Incident Reporting Procedure

Overview

This Alpha Serve internal procedure is to handle information security incidents so as to minimize their impact on the confidentiality, integrity, and availability of the systems, applications, and data. An effective approach to managing such incidents also limits the negative consequences to relevant parties and improves the ability of Alpha serve to restore operations affected by such incidents.

Goals

The goals of establishing a successful incident management procedure include the following:

  1. Mitigating the impact of security incidents on systems, applications and customers;

  2. Identifying the sources and underlying causes of such security incidents and unauthorized disclosures in order to reduce their future likelihood of occurrence;

  3. Protecting, preserving, and making usable all information regarding the incident or disclosure as necessary for analysis and notification.

  4. Ensuring that all parties are aware of their responsibilities regarding such system security incident handling.
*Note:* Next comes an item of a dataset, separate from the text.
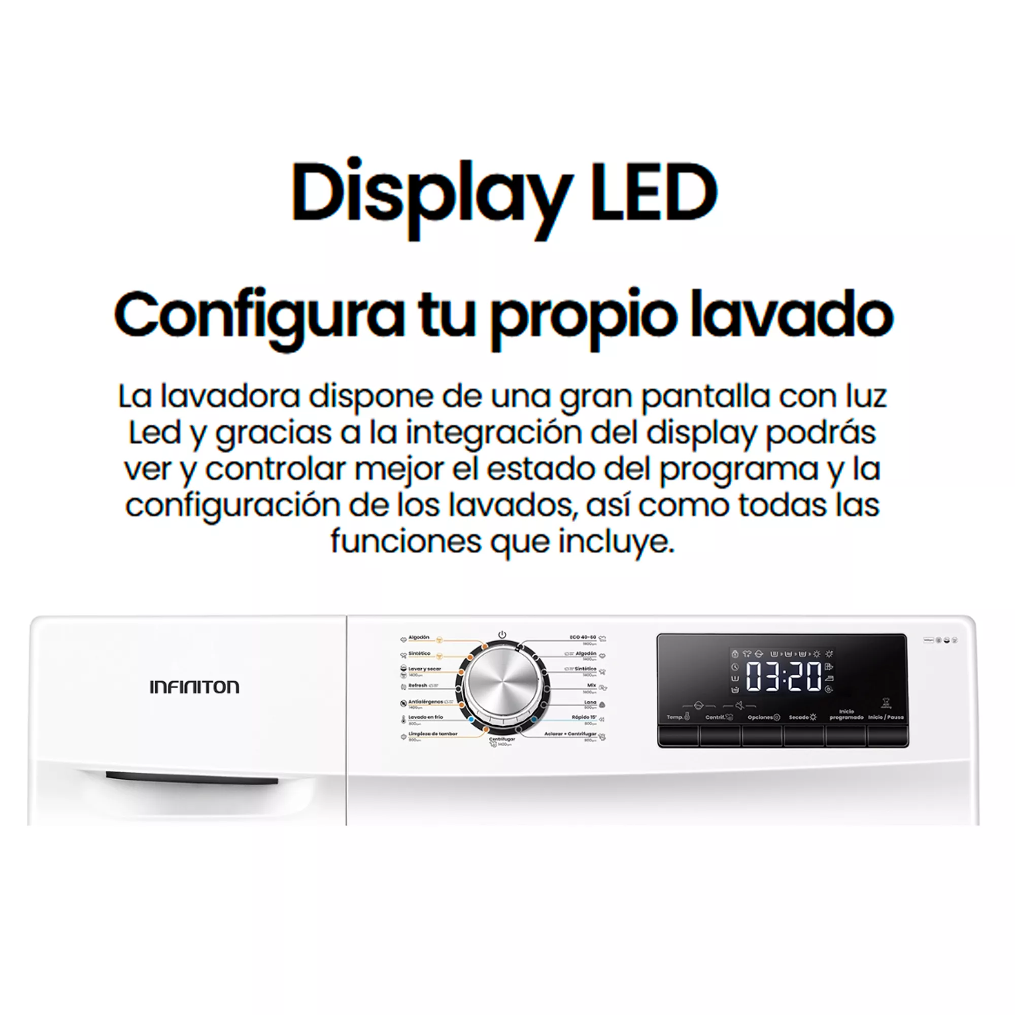 Pantalla LED intuitiva: Configura y controla cada lavado fácilmente.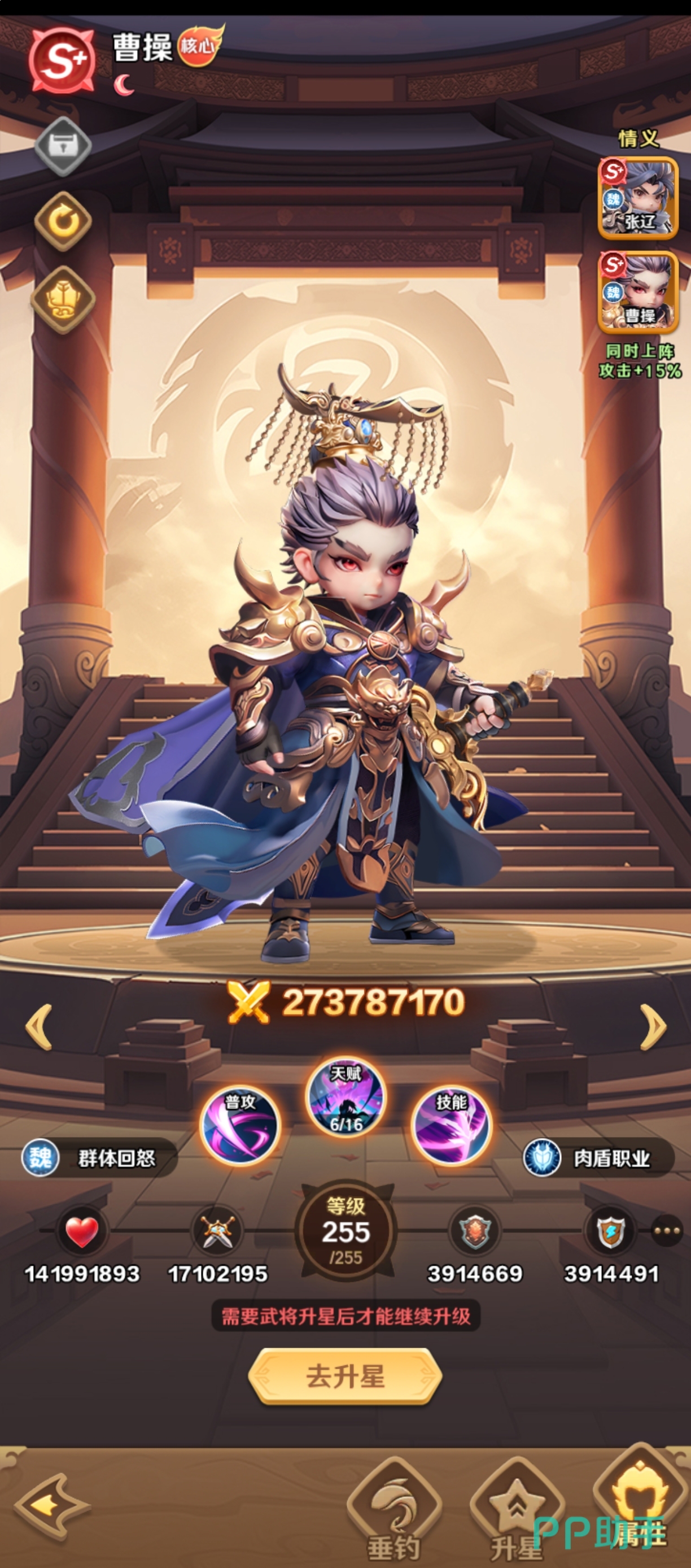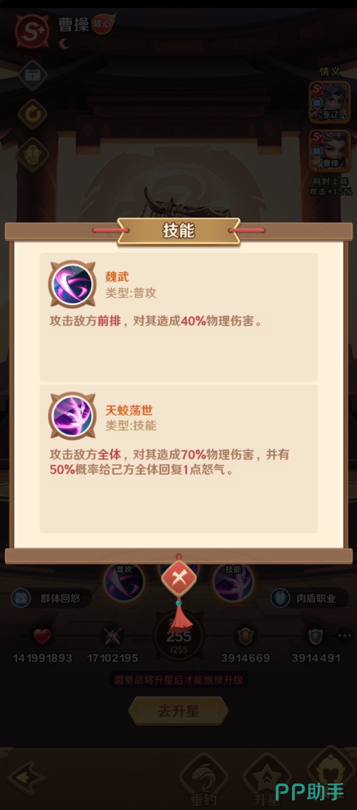 曹操的核心机制围绕“稳定群伤+团队怒气回转”展开。其主动技能可对敌方全体造成70%基础物理伤害,虽单次倍率不及顶尖爆发型武将,但胜在释放频率高、命中稳定。更重要的是,该技能附带概率触发的己方全队怒气恢复效果——这一特性使其成为中后期持久战的关键枢纽。当队伍拥有持续施放大招需求(如依赖多段连招的主C或增益型辅助)时,曹操能显著缩短技能冷却循环,提升整支队伍的节奏掌控力与输出密度。

  5. Protecting the reputation of Alpha Serve as Atlassian Marketplace Partner.

Incident Definition

An application security incident is, actual or suspected:

  • Unauthorized access, use, disclosure, modification, or destruction of information;

  • Interference with information technology operation;

  • Violation of explicit security policy by any party;

  • Compromised user accounts;

  • Unauthorized access to, or use of, systems, software, or data;

  • Unauthorized changes to systems, software, or data.


Procedure Instructions

Incident Detection and Impact Assessment

All incident detected should be evaluated by the revealing person in terms of potential impact:

  • Functional impact (if the incident consequences influence the usability and stable work of the application);

  • Data impact (if the incident consequences influence data privacy of data integrity of the application users);

  • Reputational impact (if the incident consequences influence the Alpha Serve reputation in terms of business ethics, employer branding, product quality, taxes or other.

Based on the primary evaluation, the recoverability efforts are defined and documented.

Incident Reporting and Escalation

Each employee, temporary worker and contractor must report their supervisor on actual or suspected application security incidents as soon as possible so that work can begin to assess, investigate and resolve them.

All information about the security incident is communicated and stored internally.

An incident report must include:

  • date and time of detection;

  • a person who revealed the incident;

  • short description of the incident, including screenshots, screencasts and copies of emails if relevant;

  • risk category according to the Application Security Policy;

  • impact assessment results;

  • possible solutions details;

  • other parties informed if relevant.

If the incident poses any kind of immediate danger, the Alpha Serve CEO should be informed immediately by email and telephone. Only the CEO can be responsible for final risks evaluation and further decisions on communication with customers (if affected) and Atlassian (if relevant) by creating an App Security Incident ticket.

The CEO and relevant team members will stay available to communicate with Atlassian security team during resolution and inform them when the incident is resolved, and/or in case Atlassian needs to take necessary action to prevent additional breaches.

Incident Resolution and Post-Incident Review

Based on the information in the incident report, supervisor and/or Alpha Serve management team define the further process of incident resolution and create tasks and assignments with due dates to the relevant team members.

After the incident resolution, the supervisor defines the type and amount of testing and assessment measures in order to control the results and ensure the correct work of application from every perspective.

Incident report data is included in the internal knowledge base when relevant.